Transit Work Group Update
Mayor of Matthews John Higdon provided a summary of the recent transit work group meeting. Currently, the Federal Transit Administration (FTA) is conducting a two-pronged review of CATS: financial and operational. Phase one (assessment) of the financial management review is complete, and phase two (testing) is expected to be completed in September. Phase three will consist of a report of the first two phases’ findings and is expected to be finalized in late fall. The operational review has not yet started as CATS waits for FTA to select a contractor to complete the review. The operational review is expected to take three to four months to complete.
CATS CEO Report
CATS CEO Brent Cagle began his report with the news that the LYNX Gold Line service has been reduced from every 20 minutes during service hours to every 30 minutes.
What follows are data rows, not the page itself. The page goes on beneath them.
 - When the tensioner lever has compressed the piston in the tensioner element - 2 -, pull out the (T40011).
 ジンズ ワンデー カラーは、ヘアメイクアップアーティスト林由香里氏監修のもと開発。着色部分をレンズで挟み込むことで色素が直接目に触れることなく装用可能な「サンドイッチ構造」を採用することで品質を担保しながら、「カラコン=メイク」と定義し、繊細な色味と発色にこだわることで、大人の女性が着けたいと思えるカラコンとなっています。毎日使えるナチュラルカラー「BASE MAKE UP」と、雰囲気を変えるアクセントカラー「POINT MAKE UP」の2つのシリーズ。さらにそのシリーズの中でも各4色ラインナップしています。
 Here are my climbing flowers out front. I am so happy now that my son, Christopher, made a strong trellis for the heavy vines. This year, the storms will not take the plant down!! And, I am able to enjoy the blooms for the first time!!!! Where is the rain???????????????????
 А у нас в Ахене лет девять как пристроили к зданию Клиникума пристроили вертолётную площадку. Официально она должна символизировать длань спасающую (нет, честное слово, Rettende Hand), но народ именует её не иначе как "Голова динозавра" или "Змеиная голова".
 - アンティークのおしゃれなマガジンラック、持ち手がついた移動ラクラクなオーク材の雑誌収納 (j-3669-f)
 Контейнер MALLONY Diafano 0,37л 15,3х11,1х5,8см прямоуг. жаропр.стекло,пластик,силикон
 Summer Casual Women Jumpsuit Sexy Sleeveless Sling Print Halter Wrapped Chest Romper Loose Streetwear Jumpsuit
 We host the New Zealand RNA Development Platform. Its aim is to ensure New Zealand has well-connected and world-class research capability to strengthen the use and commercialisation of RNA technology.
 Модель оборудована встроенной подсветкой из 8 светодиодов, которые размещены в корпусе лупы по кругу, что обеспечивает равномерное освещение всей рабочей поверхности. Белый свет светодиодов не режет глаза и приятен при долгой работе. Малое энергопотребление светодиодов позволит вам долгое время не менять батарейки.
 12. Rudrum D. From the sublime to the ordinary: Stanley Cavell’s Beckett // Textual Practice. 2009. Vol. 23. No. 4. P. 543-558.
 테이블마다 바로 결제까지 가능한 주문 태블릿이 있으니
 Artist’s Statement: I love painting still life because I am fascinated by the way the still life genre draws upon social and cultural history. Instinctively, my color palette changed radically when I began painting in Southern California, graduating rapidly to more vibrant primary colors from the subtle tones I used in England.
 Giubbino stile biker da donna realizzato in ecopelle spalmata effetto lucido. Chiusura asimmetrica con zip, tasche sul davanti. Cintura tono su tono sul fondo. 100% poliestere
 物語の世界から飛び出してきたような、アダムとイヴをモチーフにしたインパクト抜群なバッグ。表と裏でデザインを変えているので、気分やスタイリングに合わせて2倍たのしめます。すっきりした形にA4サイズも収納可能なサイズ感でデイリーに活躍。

This change is due to a rail operator shortage, but new classes of operators are being hired and trained for an expected return to 20 minute service in four months. For now, Cagle says the focus is on providing reliable service on the Gold Line.
NCDOT has continued to conduct spot inspections of CATS operations with two announced inspections occurring in the past month. The good news is that no findings were reported, but some recommendations were offered to improve internal track inspections.
CATS staff gave a brief update on Title VI procedures and resulting service impact adjustments. Since CATS receives federal funding, the department must comply with federal regulations called Title VI that address race, color, and national origin discrimination. Over the past three years, CATS has only received eleven Title VI complaints. And CATS bus route amenities and services surpass federal benchmarks. In other words, CATS is either meeting or exceeding expectations. Nice job!
In August 2022 CATS reduced frequency on eleven bus routes and discontinued late-night or early-morning trips on nine routes. Since these changes have been in place for one year, the FTA requires CATS to perform a Title VI analysis. CATS has determined that the changes resulted in a higher number of passengers per hour on each route and none of the routes have reached capacity, meaning no passengers are left at the bus stop because of space constraints. As a result, CATS concluded that no disparate impact has fallen on minority and low-income riders as a result of the frequency changes.
Next on the docket was a vote on CATS’ updated safety plan. No major changes were made to the plan. Instead, the updates consisted of a few general edits for clarification and changing language from future tense to active tense to reflect the status of current activities. The plan brought before the MTC has been through three iterations and was drafted with NCDOT. MTC passed the updated plan unanimously. You can find the CATS Safety Plan with markups in the meeting agenda from p.161 to p.314.
Transit Services Advisory Committee (TSAC) Report and Our Take
TSAC Co-Chair Jarrett Hurms wrapped up the meeting with a strong message that we agree with: We are glad that service reliability is improving, but we strongly encourage CATS to focus on increasing frequency.
The longer that riders have to wait for a bus, even if it comes on time, the less likely they are to choose to take public transit in the first place. If a rider misses a bus that comes every thirty minutes, they then have to wait another thirty minutes to get where they are going. And if the rider needs to take more than one bus to get to work, they may miss their connecting bus entirely. That time could be the difference between keeping or losing a job.
In short, we need bus service that is frequent and convenient to meet the needs of riders in the Charlotte region.